Python's dict is not thread-safe for concurrent read-write. The race manifests as:

  • Dictionary changed size during iteration
  • Lost updates (session created but never cached, or session returned as None after write)
  • In rare conditions: segfault-level Python crash

Fix

self._cache_lock = threading.RLock()

All accesses to self._cache are now wrapped:

Location Lock scope
get_or_create (cache hit) Read-only fast path
get_or_create (cache miss — write) Write-after-I/O outside lock
_flush_session Read-then-conditional-write
flush_all Iterating a snapshot copy
delete Remove
new_session Remove old + write new

Lock design decision: I/O operations (peer lookups, Honcho API calls) are kept outside the lock to avoid serializing expensive operations. Only the cache read/write is locked. Concurrent cache misses will race on Honcho session creation — but Honcho's own persistence is the source of truth, so this is safe.

Testing

  • Syntax validated: python3 -m py_compile plugins/memory/honcho/session.py
  • Confirmed upstream introduced runtime_user_peer_name param after our lock change; merged cleanly
  • No behavioral changes to the public API

Files changed

  • plugins/memory/honcho/session.py — RLock addition + 6 synchronized cache access sites

…ache

- cron/jobs.py: remove_job() now cleans output directory to prevent
  orphaned ~/.hermes/cron/output/{job_id}/ dirs accumulating
- plugins/memory/honcho/session.py: protect _cache with RLock; both
  main thread and async writer loop access it without synchronization
  Lock scope: cache reads/writes only; I/O (peer lookups, Honcho calls)
  stays outside lock to avoid serializing expensive operations
@alt-glitch alt-glitch added type/bug Something isn't working comp/plugins Plugin system and bundled plugins labels Apr 22, 2026
@alt-glitch

Copy link
Copy Markdown
Collaborator

Related to #5102 (Honcho session cache race condition) and #5103 (alternative fix via join sync_turn thread).

1 similar comment
@alt-glitch

Copy link
Copy Markdown
Collaborator

Related to #5102 (Honcho session cache race condition) and #5103 (alternative fix via join sync_turn thread).

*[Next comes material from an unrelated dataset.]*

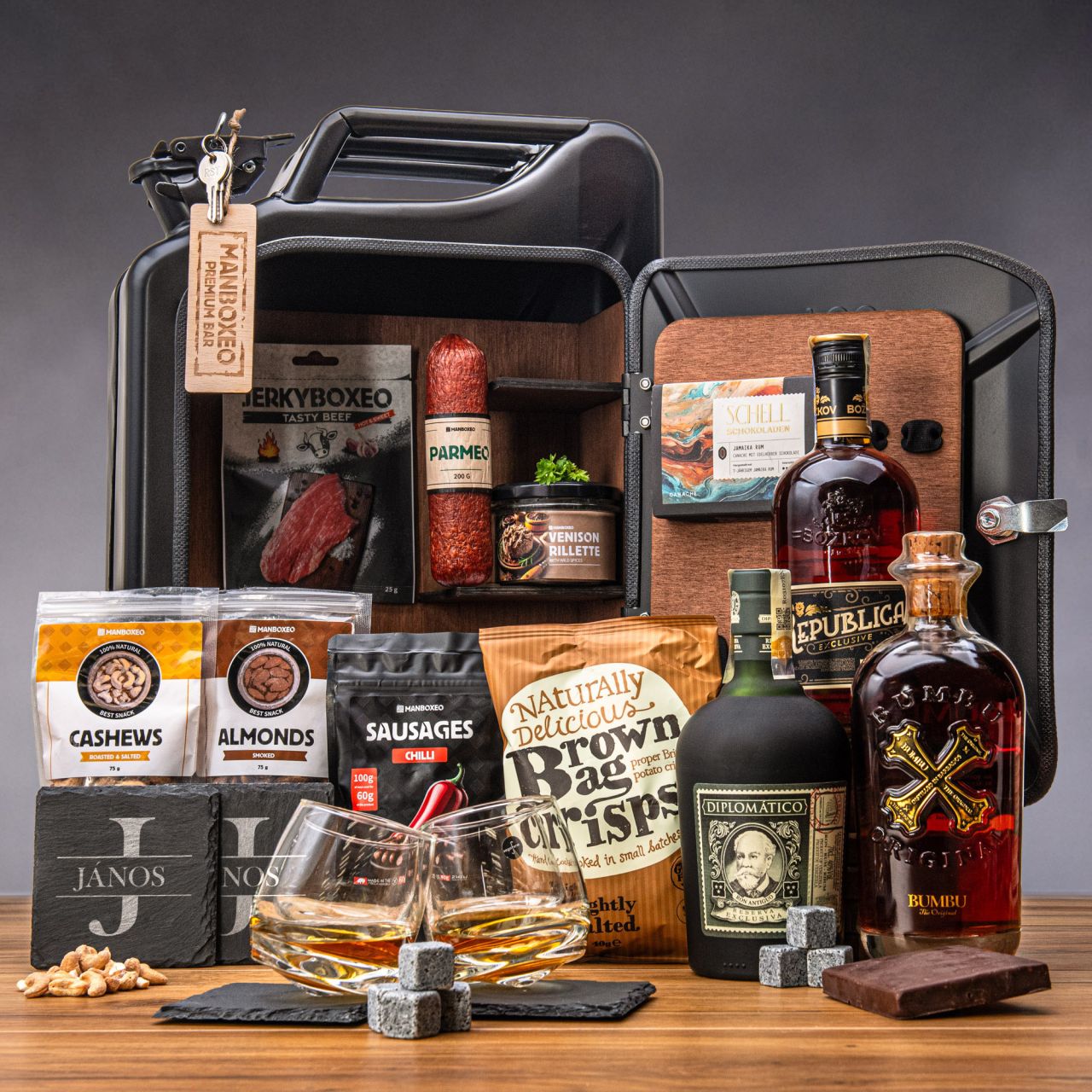 Připijte si na zdraví a štěstí oslavence obsahem našeho kanystr baru. Kromě lahve kvalitního rumu uvnitř najdete vychytávky, díky kterým bude každý panák chutnat ještě o kapku líp. Navíc jsme přidali i sladké a slané dobroty, které podtrhnou všechny chuťové tóny whisky. A jak konzumaci obsahu dotáhnout k dokonalosti? Dobrou společností!

erosika pushed a commit to erosika/hermes-agent that referenced this pull request Apr 24, 2026
Wraps _session_cache mutations in threading.RLock. Without this, concurrent
gateway sessions (e.g., Telegram + Discord hitting Honcho at the same time)
can race on the cache and silently lose conclusions or memory writes.

Adopted from NousResearch#13510 by @hekaru-agent; the off-topic cron/jobs.py cleanup
hunk from that PR is dropped here for scope isolation. Resolved a small
conflict with the pinPeerName guard (kept both).
erosika added a commit to erosika/hermes-agent that referenced this pull request Apr 24, 2026
new_session() was popping the old cached session, releasing the lock,
calling get_or_create, then re-acquiring the lock to insert. A concurrent
caller could observe the empty-cache window and race-create its own
session, producing two divergent session objects for the same key.

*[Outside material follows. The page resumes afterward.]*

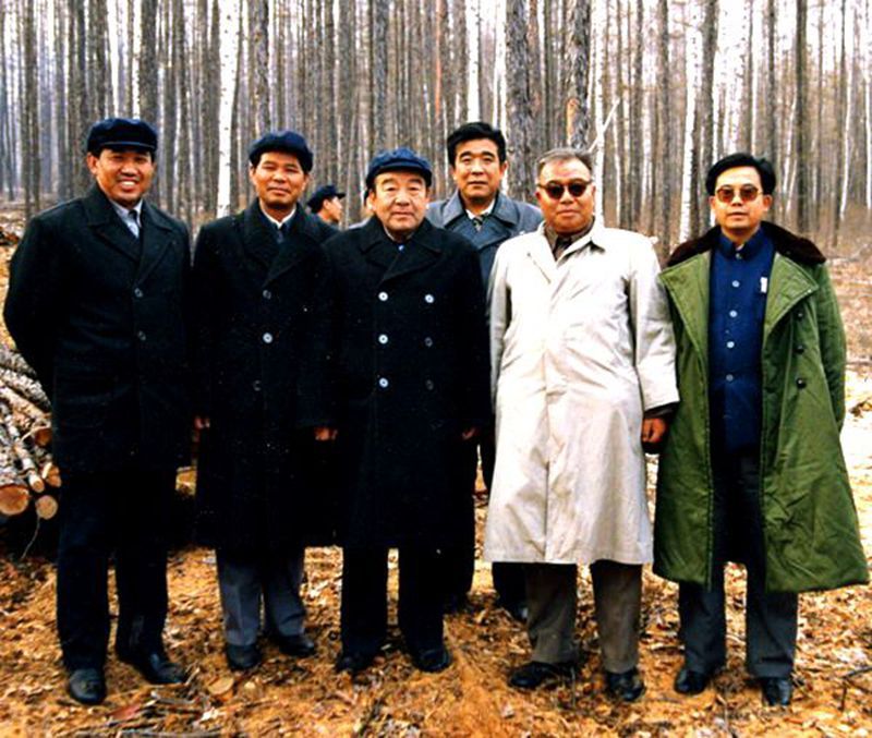 1986年,在克一河局幼壯林中與林、地領(lǐng)導(dǎo)干部在一起。

_cache_lock is an RLock, so nested reacquisition inside get_or_create is
safe. Hold it across the whole pop/create/insert sequence.

Follow-up to NousResearch#13510 (@hekaru-agent).
erosika pushed a commit to erosika/hermes-agent that referenced this pull request Apr 27, 2026
Wraps _session_cache mutations in threading.RLock. Without this, concurrent
gateway sessions (e.g., Telegram + Discord hitting Honcho at the same time)
can race on the cache and silently lose conclusions or memory writes.

Adopted from NousResearch#13510 by @hekaru-agent; the off-topic cron/jobs.py cleanup
hunk from that PR is dropped here for scope isolation. Resolved a small
conflict with the pinPeerName guard (kept both).
erosika added a commit to erosika/hermes-agent that referenced this pull request Apr 27, 2026
new_session() was popping the old cached session, releasing the lock,
calling get_or_create, then re-acquiring the lock to insert. A concurrent
caller could observe the empty-cache window and race-create its own
session, producing two divergent session objects for the same key.

_cache_lock is an RLock, so nested reacquisition inside get_or_create is
safe. Hold it across the whole pop/create/insert sequence.

Follow-up to NousResearch#13510 (@hekaru-agent).
kshitijk4poor pushed a commit that referenced this pull request Apr 27, 2026
Wraps _session_cache mutations in threading.RLock. Without this, concurrent
gateway sessions (e.g., Telegram + Discord hitting Honcho at the same time)
can race on the cache and silently lose conclusions or memory writes.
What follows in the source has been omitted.